■ **DESCRIPTION OF THE TASK**
Transcribe the entries below exactly, starting with the line that has "Комплект кассет для" and stopping after the line that has "柔らかな白群色の色地に濃淡の"; no pictures belong in the copy.

■ **DATA FOR ANALYSIS**
+++++

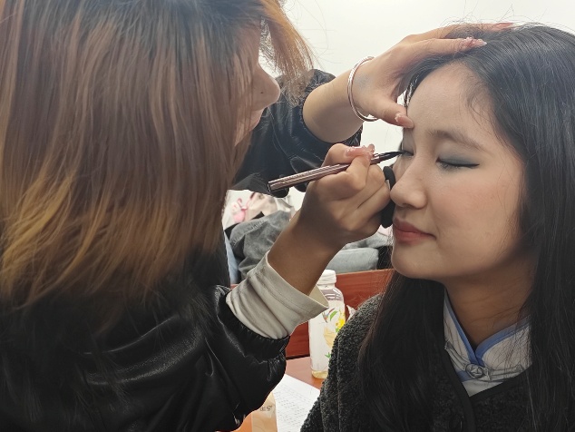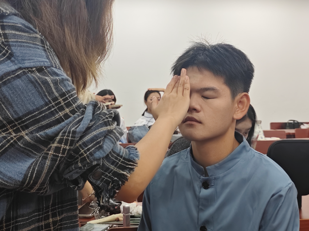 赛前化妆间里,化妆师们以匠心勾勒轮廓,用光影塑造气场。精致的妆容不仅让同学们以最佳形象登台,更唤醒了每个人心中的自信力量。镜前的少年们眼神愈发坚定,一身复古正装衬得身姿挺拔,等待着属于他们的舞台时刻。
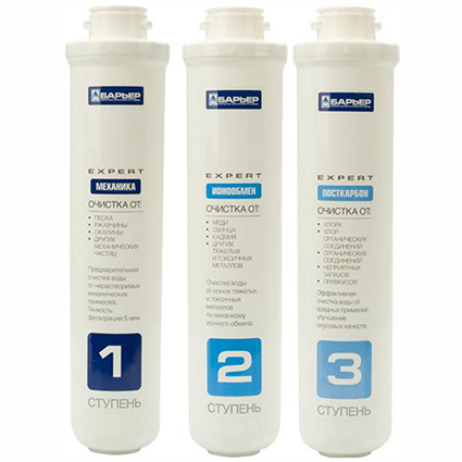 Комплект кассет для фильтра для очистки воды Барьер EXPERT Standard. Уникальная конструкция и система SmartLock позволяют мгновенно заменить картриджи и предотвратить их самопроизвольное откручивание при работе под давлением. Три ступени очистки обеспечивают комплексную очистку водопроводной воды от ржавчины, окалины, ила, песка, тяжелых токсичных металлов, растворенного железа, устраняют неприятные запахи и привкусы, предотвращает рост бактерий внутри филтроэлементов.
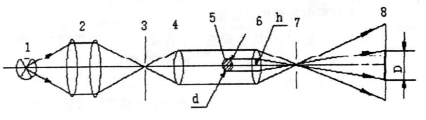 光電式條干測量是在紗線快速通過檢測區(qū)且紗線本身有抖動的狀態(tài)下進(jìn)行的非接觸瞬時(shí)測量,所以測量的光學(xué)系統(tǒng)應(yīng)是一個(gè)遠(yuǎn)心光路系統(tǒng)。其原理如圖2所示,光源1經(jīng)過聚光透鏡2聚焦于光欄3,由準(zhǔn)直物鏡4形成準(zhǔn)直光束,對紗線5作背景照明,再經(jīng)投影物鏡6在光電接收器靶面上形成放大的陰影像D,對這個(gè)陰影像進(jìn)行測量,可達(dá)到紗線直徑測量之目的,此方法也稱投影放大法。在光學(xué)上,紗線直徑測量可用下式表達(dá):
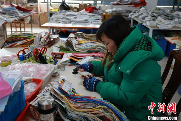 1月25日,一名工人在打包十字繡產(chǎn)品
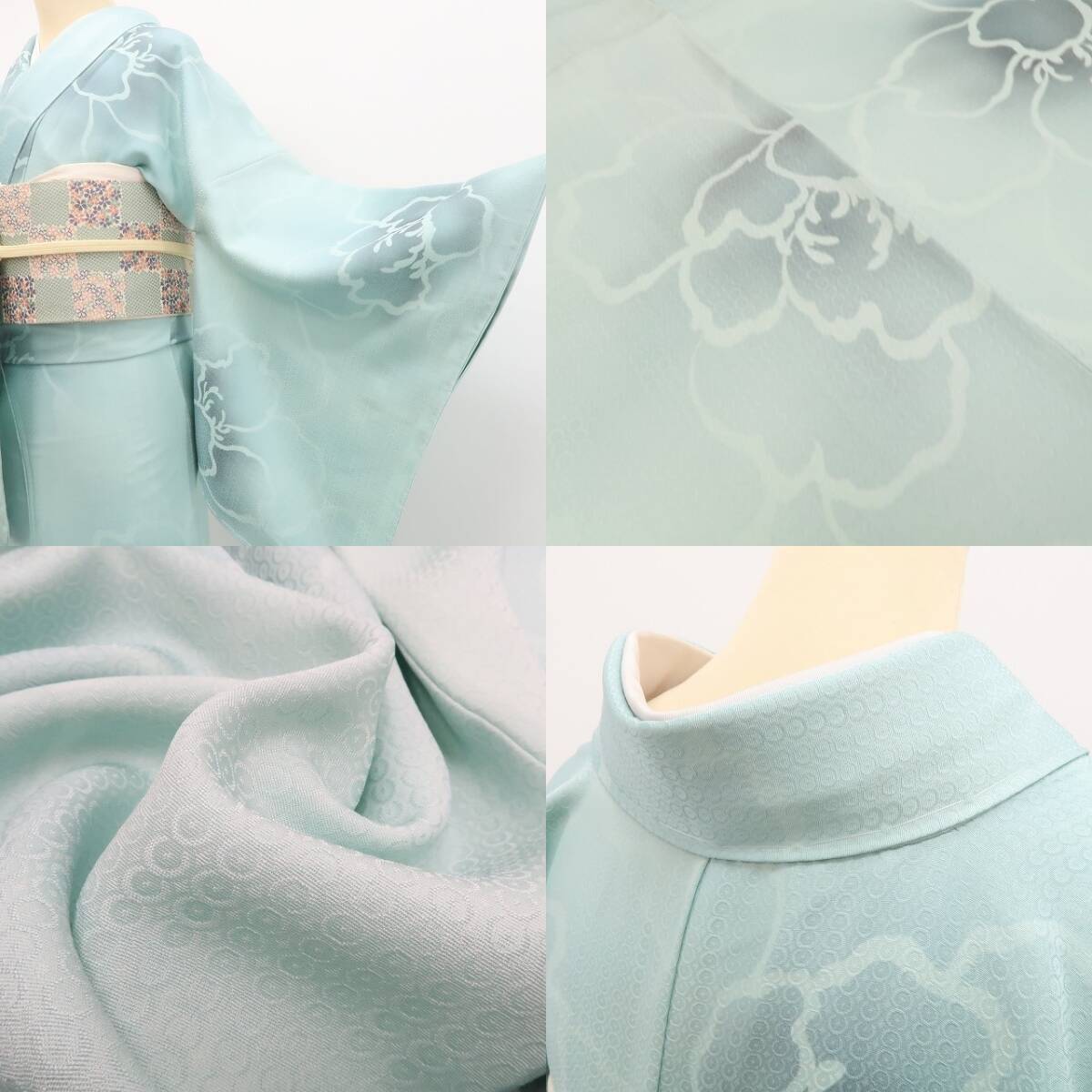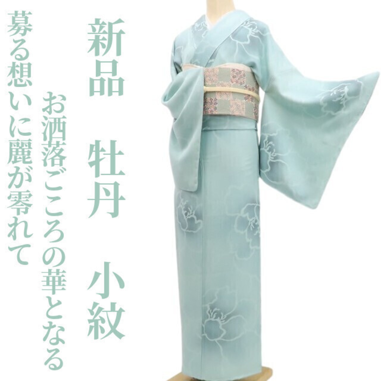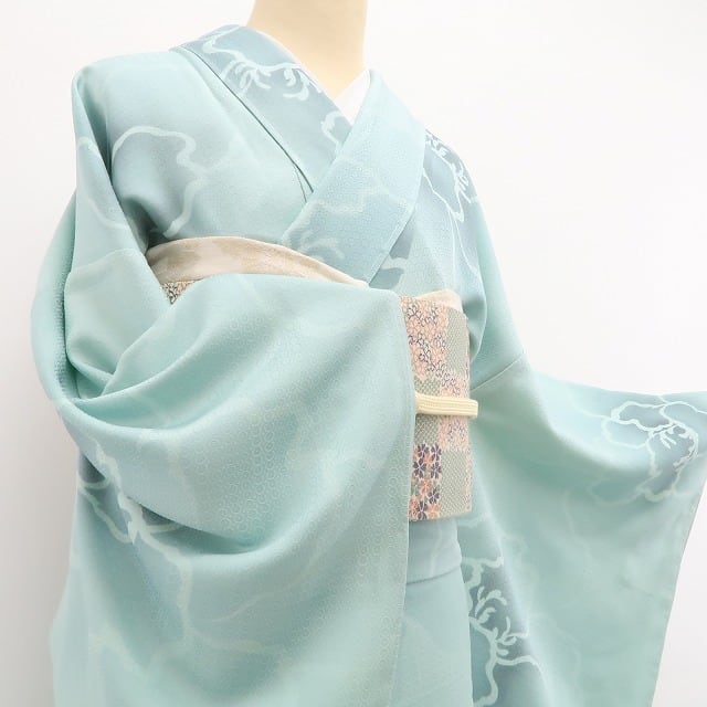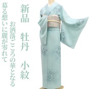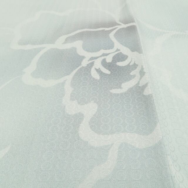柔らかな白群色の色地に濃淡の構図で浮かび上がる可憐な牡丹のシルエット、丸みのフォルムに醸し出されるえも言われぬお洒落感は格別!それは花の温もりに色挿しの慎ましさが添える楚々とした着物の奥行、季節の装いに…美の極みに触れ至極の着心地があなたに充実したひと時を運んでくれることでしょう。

+++++

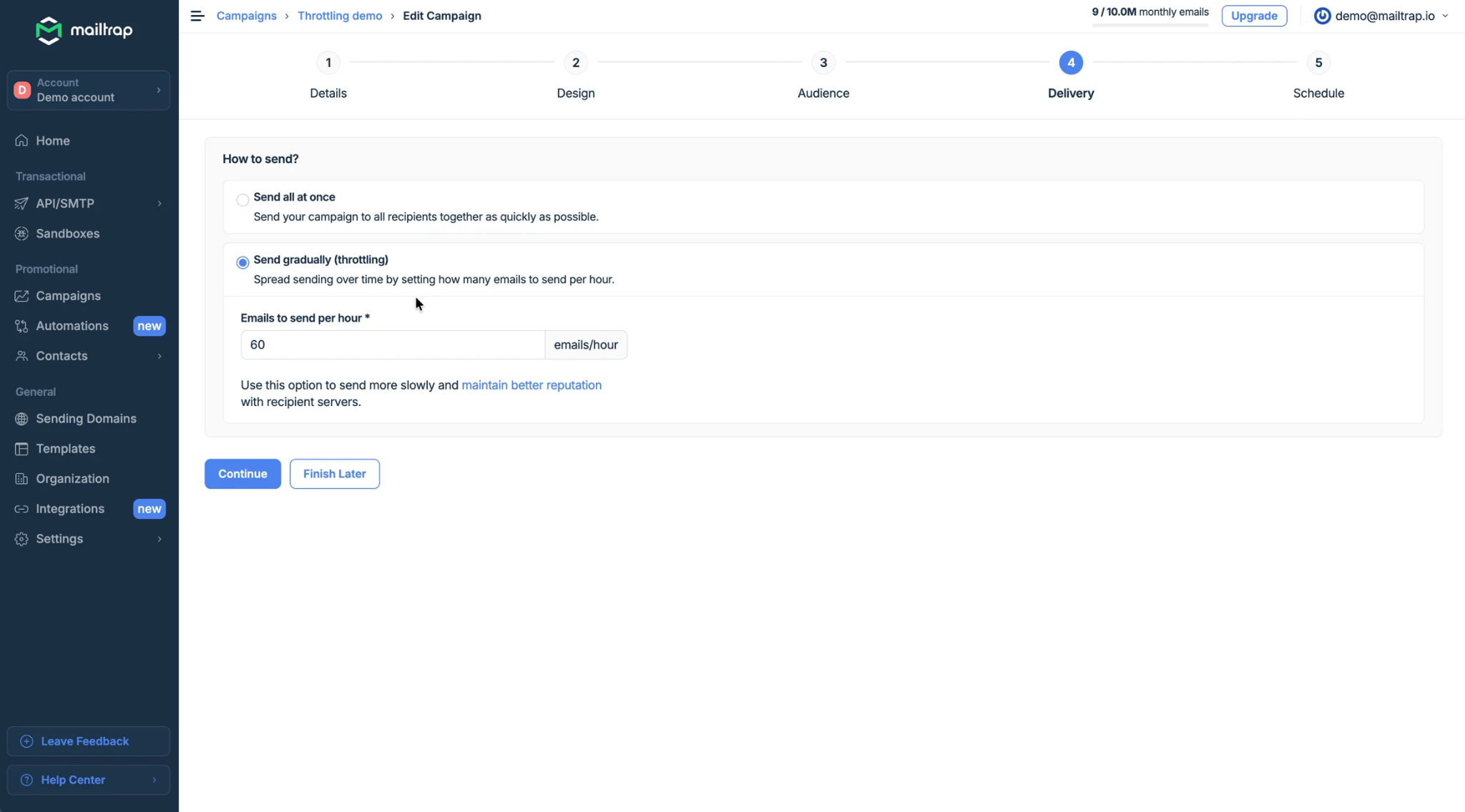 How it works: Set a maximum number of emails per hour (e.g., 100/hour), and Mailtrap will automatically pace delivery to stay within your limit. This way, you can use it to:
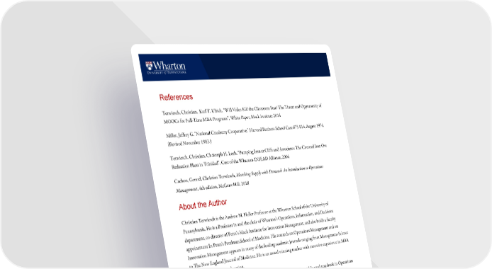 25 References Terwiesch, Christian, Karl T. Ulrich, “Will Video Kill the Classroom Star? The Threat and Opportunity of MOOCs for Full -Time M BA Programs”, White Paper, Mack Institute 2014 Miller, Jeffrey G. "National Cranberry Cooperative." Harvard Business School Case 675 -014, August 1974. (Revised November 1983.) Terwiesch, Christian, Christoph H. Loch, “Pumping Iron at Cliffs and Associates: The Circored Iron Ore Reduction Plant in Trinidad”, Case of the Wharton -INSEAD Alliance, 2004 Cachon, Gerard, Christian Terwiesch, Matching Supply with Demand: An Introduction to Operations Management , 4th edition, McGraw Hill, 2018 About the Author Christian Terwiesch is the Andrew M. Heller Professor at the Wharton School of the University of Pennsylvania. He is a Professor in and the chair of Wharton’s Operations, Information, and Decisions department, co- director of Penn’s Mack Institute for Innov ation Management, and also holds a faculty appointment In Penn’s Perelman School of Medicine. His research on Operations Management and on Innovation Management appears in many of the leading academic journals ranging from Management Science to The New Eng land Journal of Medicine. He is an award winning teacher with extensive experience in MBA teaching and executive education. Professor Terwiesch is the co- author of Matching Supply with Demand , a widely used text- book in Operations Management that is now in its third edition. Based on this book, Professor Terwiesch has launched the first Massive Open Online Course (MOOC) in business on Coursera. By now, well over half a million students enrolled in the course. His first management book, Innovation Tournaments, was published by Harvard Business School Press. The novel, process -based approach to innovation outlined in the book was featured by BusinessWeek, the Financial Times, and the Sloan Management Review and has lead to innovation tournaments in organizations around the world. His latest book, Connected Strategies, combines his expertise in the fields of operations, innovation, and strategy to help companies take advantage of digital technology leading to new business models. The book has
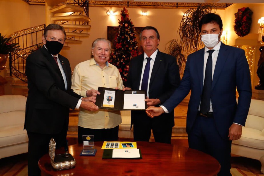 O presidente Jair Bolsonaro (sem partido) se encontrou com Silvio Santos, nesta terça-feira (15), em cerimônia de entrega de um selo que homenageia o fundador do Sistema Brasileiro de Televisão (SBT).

+++++

■ **TASK OUTPUT**
 Комплект кассет для фильтра для очистки воды Барьер EXPERT Standard. Уникальная конструкция и система SmartLock позволяют мгновенно заменить картриджи и предотвратить их самопроизвольное откручивание при работе под давлением. Три ступени очистки обеспечивают комплексную очистку водопроводной воды от ржавчины, окалины, ила, песка, тяжелых токсичных металлов, растворенного железа, устраняют неприятные запахи и привкусы, предотвращает рост бактерий внутри филтроэлементов.
 光電式條干測量是在紗線快速通過檢測區(qū)且紗線本身有抖動的狀態(tài)下進(jìn)行的非接觸瞬時(shí)測量,所以測量的光學(xué)系統(tǒng)應(yīng)是一個(gè)遠(yuǎn)心光路系統(tǒng)。其原理如圖2所示,光源1經(jīng)過聚光透鏡2聚焦于光欄3,由準(zhǔn)直物鏡4形成準(zhǔn)直光束,對紗線5作背景照明,再經(jīng)投影物鏡6在光電接收器靶面上形成放大的陰影像D,對這個(gè)陰影像進(jìn)行測量,可達(dá)到紗線直徑測量之目的,此方法也稱投影放大法。在光學(xué)上,紗線直徑測量可用下式表達(dá):
 1月25日,一名工人在打包十字繡產(chǎn)品
柔らかな白群色の色地に濃淡の構図で浮かび上がる可憐な牡丹のシルエット、丸みのフォルムに醸し出されるえも言われぬお洒落感は格別!それは花の温もりに色挿しの慎ましさが添える楚々とした着物の奥行、季節の装いに…美の極みに触れ至極の着心地があなたに充実したひと時を運んでくれることでしょう。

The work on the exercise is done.